#### Data entries:
┄┄┄┄┄┄┄┄┄┄

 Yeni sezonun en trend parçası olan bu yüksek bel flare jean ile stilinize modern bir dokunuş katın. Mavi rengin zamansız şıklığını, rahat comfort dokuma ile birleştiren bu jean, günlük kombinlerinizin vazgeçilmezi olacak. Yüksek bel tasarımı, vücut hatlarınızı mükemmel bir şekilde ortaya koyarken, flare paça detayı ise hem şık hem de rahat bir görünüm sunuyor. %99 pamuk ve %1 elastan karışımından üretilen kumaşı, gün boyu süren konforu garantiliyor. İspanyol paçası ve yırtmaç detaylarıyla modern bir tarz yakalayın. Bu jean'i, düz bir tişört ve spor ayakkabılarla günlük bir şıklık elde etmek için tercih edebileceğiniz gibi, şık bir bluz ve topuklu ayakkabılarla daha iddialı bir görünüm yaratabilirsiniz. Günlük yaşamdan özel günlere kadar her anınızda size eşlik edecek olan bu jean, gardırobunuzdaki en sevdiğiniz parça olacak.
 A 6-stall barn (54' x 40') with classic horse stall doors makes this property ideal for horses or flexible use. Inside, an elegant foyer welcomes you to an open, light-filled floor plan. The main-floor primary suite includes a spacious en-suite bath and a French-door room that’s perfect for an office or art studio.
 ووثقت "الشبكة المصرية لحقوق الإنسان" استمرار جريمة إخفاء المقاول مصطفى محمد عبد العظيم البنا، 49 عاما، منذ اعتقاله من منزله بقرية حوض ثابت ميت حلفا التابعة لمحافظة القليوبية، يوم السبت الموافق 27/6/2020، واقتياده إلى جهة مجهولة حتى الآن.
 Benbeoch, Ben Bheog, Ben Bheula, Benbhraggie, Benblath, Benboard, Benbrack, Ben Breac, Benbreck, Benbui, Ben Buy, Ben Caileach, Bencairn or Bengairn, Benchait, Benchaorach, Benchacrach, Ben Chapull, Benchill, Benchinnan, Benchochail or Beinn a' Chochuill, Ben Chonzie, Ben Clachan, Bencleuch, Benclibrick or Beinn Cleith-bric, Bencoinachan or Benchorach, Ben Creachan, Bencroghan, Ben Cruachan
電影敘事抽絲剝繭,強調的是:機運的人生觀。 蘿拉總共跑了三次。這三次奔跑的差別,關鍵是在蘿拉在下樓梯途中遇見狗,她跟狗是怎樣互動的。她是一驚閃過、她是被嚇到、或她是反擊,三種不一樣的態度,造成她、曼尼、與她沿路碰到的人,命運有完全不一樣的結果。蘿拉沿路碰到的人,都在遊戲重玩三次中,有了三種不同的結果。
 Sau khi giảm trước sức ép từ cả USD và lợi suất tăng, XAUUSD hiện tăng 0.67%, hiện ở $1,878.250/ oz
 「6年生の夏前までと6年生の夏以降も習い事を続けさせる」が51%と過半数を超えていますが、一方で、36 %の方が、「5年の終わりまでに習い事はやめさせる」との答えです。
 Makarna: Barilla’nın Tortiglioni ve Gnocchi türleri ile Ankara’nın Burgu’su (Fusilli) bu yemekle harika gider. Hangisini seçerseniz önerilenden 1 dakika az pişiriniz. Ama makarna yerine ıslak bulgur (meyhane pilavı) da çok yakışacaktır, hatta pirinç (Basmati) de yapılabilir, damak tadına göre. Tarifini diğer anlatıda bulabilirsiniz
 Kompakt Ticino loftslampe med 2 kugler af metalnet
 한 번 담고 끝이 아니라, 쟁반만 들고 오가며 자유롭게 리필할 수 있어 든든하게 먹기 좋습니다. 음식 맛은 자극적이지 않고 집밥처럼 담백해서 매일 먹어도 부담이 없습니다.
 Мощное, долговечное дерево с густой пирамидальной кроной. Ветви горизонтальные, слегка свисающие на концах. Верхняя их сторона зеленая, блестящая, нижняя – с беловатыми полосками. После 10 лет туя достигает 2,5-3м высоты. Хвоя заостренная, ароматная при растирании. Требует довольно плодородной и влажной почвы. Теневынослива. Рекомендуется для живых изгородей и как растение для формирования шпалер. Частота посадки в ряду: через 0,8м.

┄┄┄┄┄┄┄┄┄┄

Your reply should hold only the lines from the first line of the records through the one with "Sau khi giảm", reproduced word for word.

 Yeni sezonun en trend parçası olan bu yüksek bel flare jean ile stilinize modern bir dokunuş katın. Mavi rengin zamansız şıklığını, rahat comfort dokuma ile birleştiren bu jean, günlük kombinlerinizin vazgeçilmezi olacak. Yüksek bel tasarımı, vücut hatlarınızı mükemmel bir şekilde ortaya koyarken, flare paça detayı ise hem şık hem de rahat bir görünüm sunuyor. %99 pamuk ve %1 elastan karışımından üretilen kumaşı, gün boyu süren konforu garantiliyor. İspanyol paçası ve yırtmaç detaylarıyla modern bir tarz yakalayın. Bu jean'i, düz bir tişört ve spor ayakkabılarla günlük bir şıklık elde etmek için tercih edebileceğiniz gibi, şık bir bluz ve topuklu ayakkabılarla daha iddialı bir görünüm yaratabilirsiniz. Günlük yaşamdan özel günlere kadar her anınızda size eşlik edecek olan bu jean, gardırobunuzdaki en sevdiğiniz parça olacak.
 A 6-stall barn (54' x 40') with classic horse stall doors makes this property ideal for horses or flexible use. Inside, an elegant foyer welcomes you to an open, light-filled floor plan. The main-floor primary suite includes a spacious en-suite bath and a French-door room that’s perfect for an office or art studio.
 ووثقت "الشبكة المصرية لحقوق الإنسان" استمرار جريمة إخفاء المقاول مصطفى محمد عبد العظيم البنا، 49 عاما، منذ اعتقاله من منزله بقرية حوض ثابت ميت حلفا التابعة لمحافظة القليوبية، يوم السبت الموافق 27/6/2020، واقتياده إلى جهة مجهولة حتى الآن.
 Benbeoch, Ben Bheog, Ben Bheula, Benbhraggie, Benblath, Benboard, Benbrack, Ben Breac, Benbreck, Benbui, Ben Buy, Ben Caileach, Bencairn or Bengairn, Benchait, Benchaorach, Benchacrach, Ben Chapull, Benchill, Benchinnan, Benchochail or Beinn a' Chochuill, Ben Chonzie, Ben Clachan, Bencleuch, Benclibrick or Beinn Cleith-bric, Bencoinachan or Benchorach, Ben Creachan, Bencroghan, Ben Cruachan
電影敘事抽絲剝繭,強調的是:機運的人生觀。 蘿拉總共跑了三次。這三次奔跑的差別,關鍵是在蘿拉在下樓梯途中遇見狗,她跟狗是怎樣互動的。她是一驚閃過、她是被嚇到、或她是反擊,三種不一樣的態度,造成她、曼尼、與她沿路碰到的人,命運有完全不一樣的結果。蘿拉沿路碰到的人,都在遊戲重玩三次中,有了三種不同的結果。
 Sau khi giảm trước sức ép từ cả USD và lợi suất tăng, XAUUSD hiện tăng 0.67%, hiện ở $1,878.250/ oz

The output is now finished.